English-only Anthem? Outrage is a little late

Harold F. Schiffman haroldfs at ccat.sas.upenn.edu
Mon May 8 14:01:57 UTC 2006

>>From the Philadelphia Enquirer,  Posted on Sun, May. 07, 2006

English-only anthem? Outrage is a little late
U.S. prepared a Spanish translation - in 1919.

By David Goldstein Inquirer Washington Bureau


Psst. Someone ought to tell the president, Congress and any others upset
over the Spanish translation of the national anthem that they are about 90
years too late. The government already gave its blessing when the U.S.
Bureau of Education prepared a Spanish version of "The Star-Spangled
Banner" in 1919. And that translation has been available on the Library of
Congress' Web site for the last two years. Then there is the National
Anthem Project, a group that supports music in schools and boasts Laura
Bush as honorary chair. Several members of Congress are also supporters.
If you need a mariachi or steel drum version of the anthem, the project's
got you covered.

For all the recent outrage, nearly two out of three Americans do not even
know all the words to the national anthem, according to the Harris Poll. A
lot of them don't even know the melody. But if the English-only backers
are really serious, they have their work cut out for them. Besides
Spanish, the library has vintage translations in Polish, French, Italian,
Portuguese and Armenian, among others. A little Googling turns up versions
in Samoan and Yiddish as well. And with 6,800 known languages in the
world, who knows how many more are out there?

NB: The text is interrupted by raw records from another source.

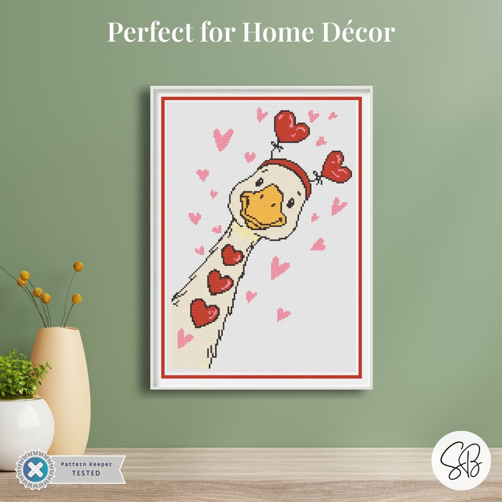 Add a touch of playful charm to your stitching with this adorable silly goose cross stitch pattern! This whimsical design features a curious cartoon goose peeking in from the side, decorated with heart accents, a festive heart headpiece, and floating pink hearts all around. Perfect for Valentine’s Day, love-themed décor, or anyone who enjoys cute and quirky stitching projects.
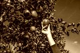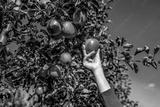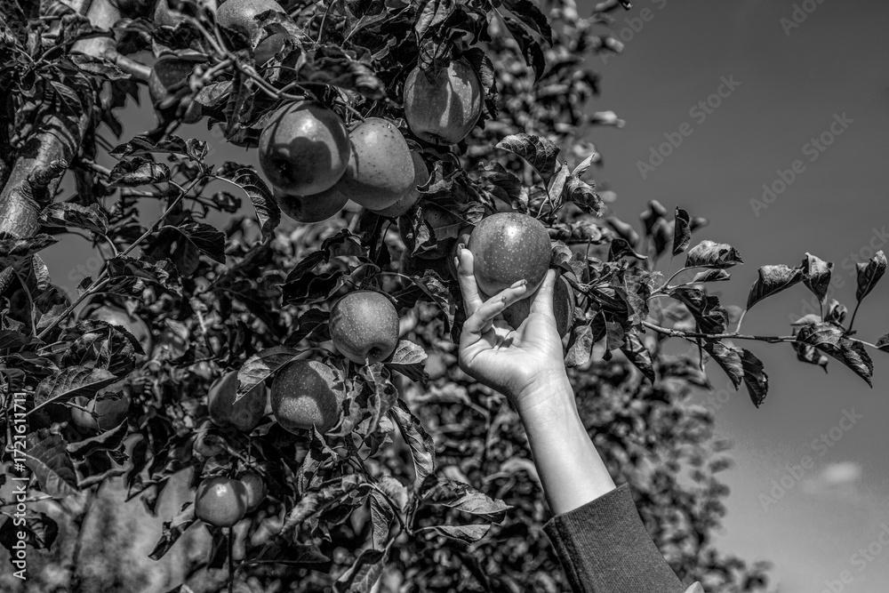 Hands reaches for the apples tree. Female hand holds red apple. Black and white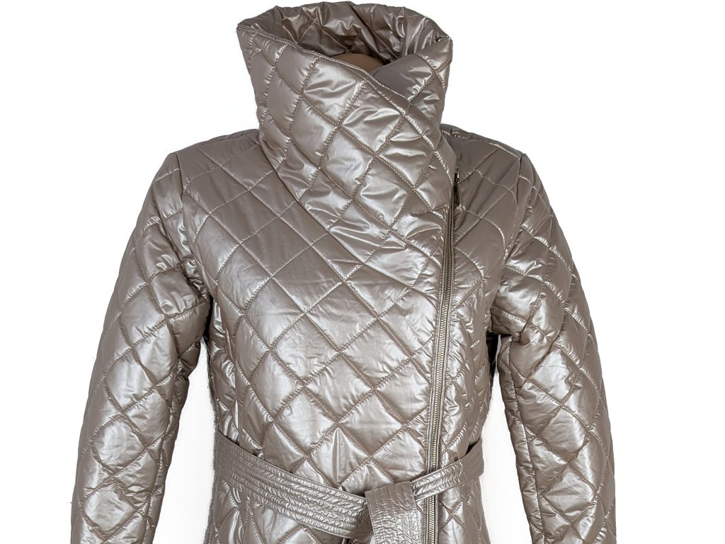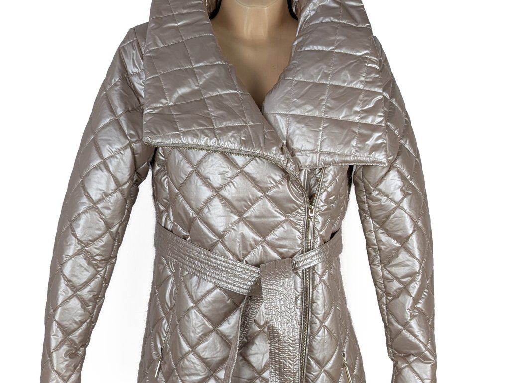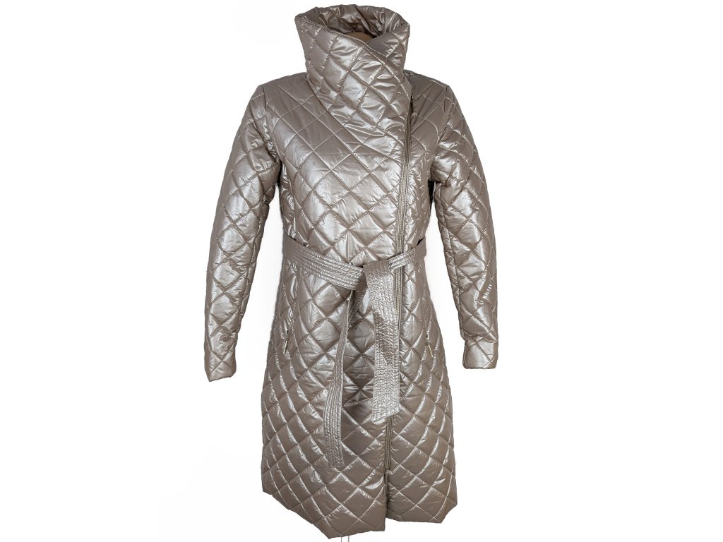 Dámský prošívaný zlatý kabát s páskem MOHITO 42

"What's sort of surprising for us here who've lived with 'The
Star-Spangled Banner' is that everyone has their shorts in a bun about
it," said Loras Schissel, a musicologist at the library. "It's old news."
Until late last month, that is, when some Latin pop stars released a
Spanish version with somewhat different lyrics ("The time has come to
break the chains.") called "Nuestro Himno" - "Our Anthem." It landed smack
in the middle of a heated debate over immigration. The song's producer and
singers hoped to fire up the immigrant community. To critics, they might
as well have torched a flag on the Capitol steps. Once Spanish-language
radio aired the song, talk radio, blogs and cable, along with members of
Congress, were abuzz with criticism.

In 1919, the government-sponsored Spanish translation evoked a collective
yawn, if anyone was even paying attention. "National airs and anthems were
popular music at that time," Schissel said. "You bought them on 78
[r.p.m.] records, and people sang them around the piano." But today,
"symbols like the flag and the national anthem take on some sacred meaning
on both sides in a controversy over national identity,"  said Ron Eyerman,
a Yale University expert on music and social movements. The anthem has
weathered controversy before. It was psychedelicized by guitarist Jimi
Hendrix in a storm of sonic feedback at Woodstock in 1969, and
screechified by comic Roseanne Barr before a San Diego Padres game in

Composer Igor Stravinsky rearranged the composition in 1944 and got the
version banned in Boston for his trouble. You can find it in Morse code
and binary expression. Somebody somewhere certainly uses it as a cell
phone ring tone. But critics are steamed because the song, they insist,
should be sung in English. Period. "The national anthem is a symbol of
unity of a diverse people united by our common values and Constitution,"
said Sen. Jim Talent (R., Mo.).  "That's why it should be sung in
English." Talent and Sen. Pat Roberts (R., Kan.) are among cosponsors of a
bill from Sen. Lamar Alexander (R., Tenn.) requiring that the anthem never
be recited or sung in a foreign tongue. Rep. Jim Ryun (R., Kan.) has a
similar bill in the House.

Even pro-immigration groups such as the National Council of La Raza, the
largest Hispanic civil-rights group in the country, said translating the
anthem was a mistake. "Anthems are sacred," La Raza spokeswoman Lisa
Navarrete said, "and we have to be respectful of that." Rep. Harold Ford
Jr. (D., Tenn.) has said that the anthem "should not be lost in
translation... . The words, the phrases, the expressions - they all count
for something irreplaceable." But Jaime Contreras, chairman of the
National Capitol Immigration Coalition, said that the song could not be
translated literally, and that the new wording in the latest Spanish
version helps people make a "connection about the movement." It was not
meant to offend anyone, he said, but rather to serve as a tribute to

See the 1919 Spanish version of the anthem at http://go.philly.com/music
and the National Anthem Project site at http://go.philly.com/project

Contact reporter David Goldstein at 202-383-6105 or
dgoldstein at krwashington.com.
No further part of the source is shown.